* [YOUR OBJECTIVE]
Transcribe the listing verbatim. Do not carry over any pictures.

* [SOURCE MATERIAL]

Start of Block

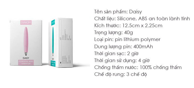 Với thiết kế nhỏ gọn nhưng toát lên vẻ thanh lịch, chất liệu silicon cao cấp cho phép đồ chơi tình dục Daisy dễ dàng lướt êm vào bên trong và trêu chọc những phần nhạy cảm của bạn. Thật đơn giản để sử dụng với 3 chế độ rung thông qua việc điều chỉnh 1 nút cho phép bạn dễ dàng chi phối các tốc độ kích thích, “sai khiến” Daisy phải tuân theo mọi ham muốn của bản thân. Khi thì thầm yêu thương, khi ồ ạt như thác lũ, lúc mạnh mẽ đến mệt nhoài, 3 tốc độ, 3 cảm xúc, 3 sự hoan lạc, đồ chơi tình dục Svacom Daisy tuyệt vời hơn cả một người bạn tình mà bạn hằng mơ.
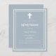 Arrière - plan bleu Dusty, décoré d'un cadre blanc, et d'une croix blanche Personnalisez et ajoutez le nom et les détails. Texte blanc. 1 feuille = 1 invite imprimé bord à bord.
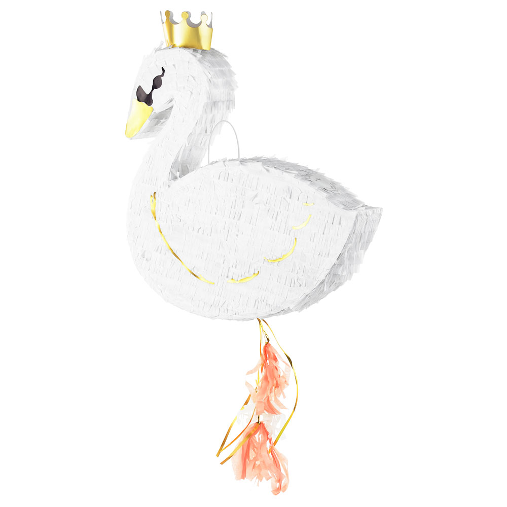 Sagolik pinata i form av en vacker svan att fylla med godis och spännande överraskningar inför barnkalaset. Pinatan bidrar till en superskojig stund för de små gästerna, och den blir dessutom en riktigt stämningshöjande dekoration att dekorera kalaset med. En både rolig och fin pinata som passar alldeles utmärkt till flera olika sorters barnkalas.

End of Block

* [RESULT]
 Với thiết kế nhỏ gọn nhưng toát lên vẻ thanh lịch, chất liệu silicon cao cấp cho phép đồ chơi tình dục Daisy dễ dàng lướt êm vào bên trong và trêu chọc những phần nhạy cảm của bạn. Thật đơn giản để sử dụng với 3 chế độ rung thông qua việc điều chỉnh 1 nút cho phép bạn dễ dàng chi phối các tốc độ kích thích, “sai khiến” Daisy phải tuân theo mọi ham muốn của bản thân. Khi thì thầm yêu thương, khi ồ ạt như thác lũ, lúc mạnh mẽ đến mệt nhoài, 3 tốc độ, 3 cảm xúc, 3 sự hoan lạc, đồ chơi tình dục Svacom Daisy tuyệt vời hơn cả một người bạn tình mà bạn hằng mơ.
 Arrière - plan bleu Dusty, décoré d'un cadre blanc, et d'une croix blanche Personnalisez et ajoutez le nom et les détails. Texte blanc. 1 feuille = 1 invite imprimé bord à bord.
 Sagolik pinata i form av en vacker svan att fylla med godis och spännande överraskningar inför barnkalaset. Pinatan bidrar till en superskojig stund för de små gästerna, och den blir dessutom en riktigt stämningshöjande dekoration att dekorera kalaset med. En både rolig och fin pinata som passar alldeles utmärkt till flera olika sorters barnkalas.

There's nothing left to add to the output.